Years ago, before the hamster run proposal had been made but after the CAQ had promised to build a 3e lien, I asked a friend of mine who was a bureaucrat if there was any workable option. Aside from putting a highway down the middle of Ile d’Orléans and then replacing the Pont Félix Leclerc, a plan that actually makes some (some) sense but that would have been political suicide for the CAQ, there was nothing. There was no magic that the bureaucrats could work to make this thing happen. It was pure fantasy but it didn’t matter because it was popular.
So here we are: one year after the last provincial election and the CAQ’s ability to use the 3e lien to get votes is drying up. They wouldn’t have been able to maintain the charade much longer: at some point, drilling would have to start and someone would be caught on tape admitting that this would never happen. And so what better timing than now? Any later and it might impact the CAQ’s success in 2026.
But let me get back to Drainville. This will not likely destroy his political career and so I’m honestly not sure what he’s crying over.
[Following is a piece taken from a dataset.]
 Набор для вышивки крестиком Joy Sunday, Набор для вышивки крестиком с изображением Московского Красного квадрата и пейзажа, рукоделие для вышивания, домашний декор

And, as far as political failures go, this one at least didn’t threaten to drive Muslims and Sikhs out of the province through a racist and ridiculous religious charter of values.
However, just before he cried in a press conference, Drainville did what he has done before over the course of his shitty little political career: he pivoted and attacked religious minorities. You see, Drainville announced that he, as Minister of Education, will ban children from praying in public school. No student will be allowed to pray at school: not to pray Zuhr in a quiet space in the building, not to sit quietly in a room and ask the spirit world for help, not to come together with your siblings one afternoon and hold each other and ask for God’s mercy when you find out that your grandmother has just died.
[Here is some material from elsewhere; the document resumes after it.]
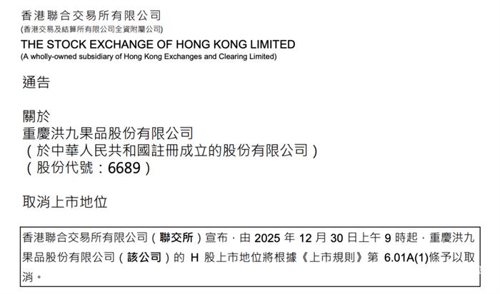 香港联交所宣布,从12月30日上午9点起,取消洪九果品的H股上市地位。

Will students still be able to stare at the ceiling and pray to St. Jude in the middle of math tests? Will my kid still sing Mass at the basilica as part of the music program (yes, literal Mass, with communion and all)? Will the public schools of my neighbourhood — St. Jean Baptiste, St. Patrick, Saint Sacrement, St. Malo, (St.) Marguerite Bourgeoys — will they be renamed? Will the cross come down outside of École Joseph Perreault?
Drainville, crying, standing in the National Assembly under the watchful eye of Jesus himself in the midst of the ecstasy of public torture by crucifixion answers this question for us: of course not. He’s only interested in attacking Muslim kids.
Mr. Drainville, Minister of being a baby Lala la couche, discovers Santa was François Legault all along and decides to take it out on actual, literal children. Like the racist hack that he, it has been alleged, is.
But hey, shoutout to Marwah Rizqy who had the chance to tell Drainville to get his emotions under control after he stormed out of a debate, later on.